- Goal of the exercise
Could you transcribe the entries below exactly, without any of the pictures?
*** Opening Data provided ***
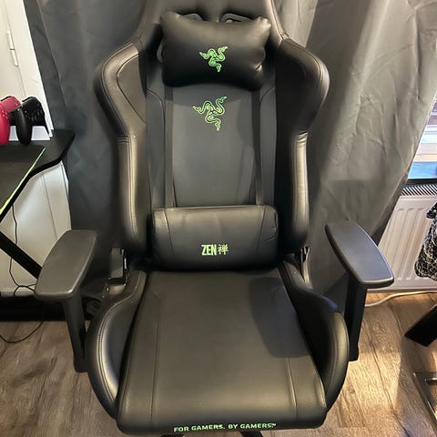 Razer gamingstol i svart konstläder. Stolen har hög rygg med integrerat nackstöd och sidostöd, samt justerbara armstöd. Sitsen är stoppad och klädd i konstläder med Razer-logotyp och text på framsidan. Stolen är höjdjusterbar och har lutningsfunktion med låsning. Fotkrysset är utrustat med hjul för enkel förflyttning. Passar för användning vid skrivbord och gamingstationer.
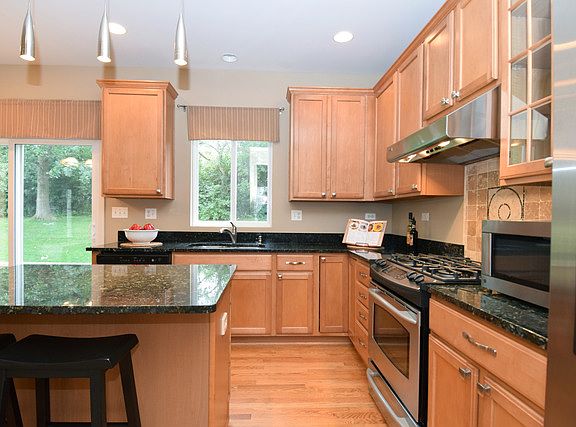 Impeccably maintained with beautiful decor, hardwood flrs, open floor plan, expanded formal dining rm, Family Rm w new built-in bookcases and electric fireplace, Kitchen w ample cabinets w pull out shelves, granite counters, heat light and new stone backsplash over stove, laundry w sink and stackable washer/dryer, spacious Master Suite, gorgeous finished bmt with game room, bedroom and bath! Backs to Woods! Private!
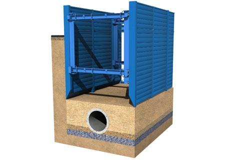 - Entwicklung eines Linearverbausystems mit vertikal verlaufenden Kanälen in den Verbauplatten, durch die ein fließfähiges Verfüllmaterial in den Zwischenraum zwischen Rohraußenwand und Verbau eingeleitet werden kann (Emunds+Staudinger GmbH, Hückelhoven).
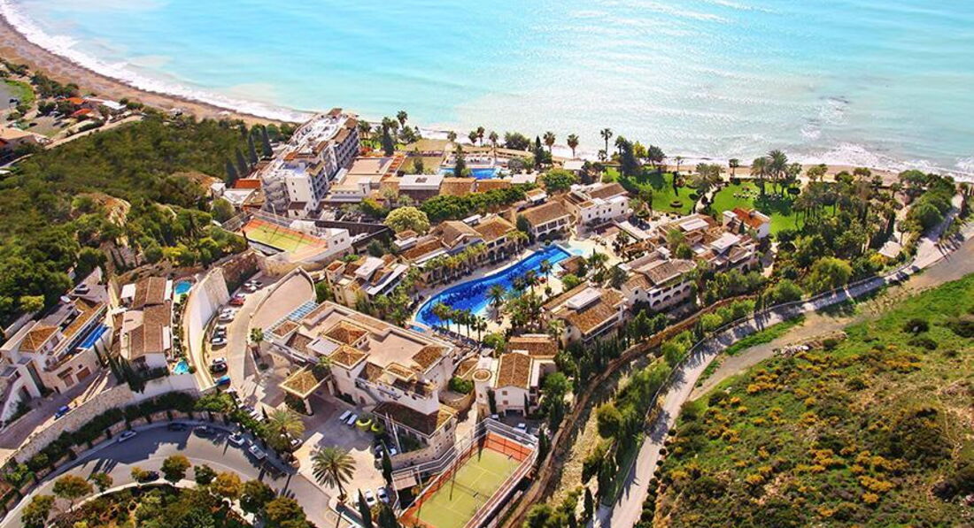 Готель на березі піщаного пляжу.
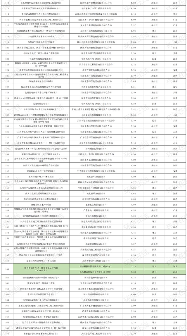 其中,超過(guò)百億的中標(biāo)項(xiàng)目有4個(gè),分別為東莞市各鎮(zhèn)街東江下游片區(qū)水污染綜合治理工程污水收集系統(tǒng)完善工程PPP項(xiàng)目(146.38億元)、唐山全域治水清水潤(rùn)城縣區(qū)工程PPP項(xiàng)目(5個(gè)標(biāo)段共計(jì)118億元)、武漢長(zhǎng)江新城起步區(qū)基礎(chǔ)設(shè)施工程PPP項(xiàng)目(117.2億元),和大澤湖生態(tài)智慧城綜合開發(fā)建設(shè)項(xiàng)目社會(huì)投資合作者采購(gòu)項(xiàng)目(100億元)。
*** Closing Data provided ***
- Written solution
 Razer gamingstol i svart konstläder. Stolen har hög rygg med integrerat nackstöd och sidostöd, samt justerbara armstöd. Sitsen är stoppad och klädd i konstläder med Razer-logotyp och text på framsidan. Stolen är höjdjusterbar och har lutningsfunktion med låsning. Fotkrysset är utrustat med hjul för enkel förflyttning. Passar för användning vid skrivbord och gamingstationer.
 Impeccably maintained with beautiful decor, hardwood flrs, open floor plan, expanded formal dining rm, Family Rm w new built-in bookcases and electric fireplace, Kitchen w ample cabinets w pull out shelves, granite counters, heat light and new stone backsplash over stove, laundry w sink and stackable washer/dryer, spacious Master Suite, gorgeous finished bmt with game room, bedroom and bath! Backs to Woods! Private!
 - Entwicklung eines Linearverbausystems mit vertikal verlaufenden Kanälen in den Verbauplatten, durch die ein fließfähiges Verfüllmaterial in den Zwischenraum zwischen Rohraußenwand und Verbau eingeleitet werden kann (Emunds+Staudinger GmbH, Hückelhoven).
 Готель на березі піщаного пляжу.
 其中,超過(guò)百億的中標(biāo)項(xiàng)目有4個(gè),分別為東莞市各鎮(zhèn)街東江下游片區(qū)水污染綜合治理工程污水收集系統(tǒng)完善工程PPP項(xiàng)目(146.38億元)、唐山全域治水清水潤(rùn)城縣區(qū)工程PPP項(xiàng)目(5個(gè)標(biāo)段共計(jì)118億元)、武漢長(zhǎng)江新城起步區(qū)基礎(chǔ)設(shè)施工程PPP項(xiàng)目(117.2億元),和大澤湖生態(tài)智慧城綜合開發(fā)建設(shè)項(xiàng)目社會(huì)投資合作者采購(gòu)項(xiàng)目(100億元)。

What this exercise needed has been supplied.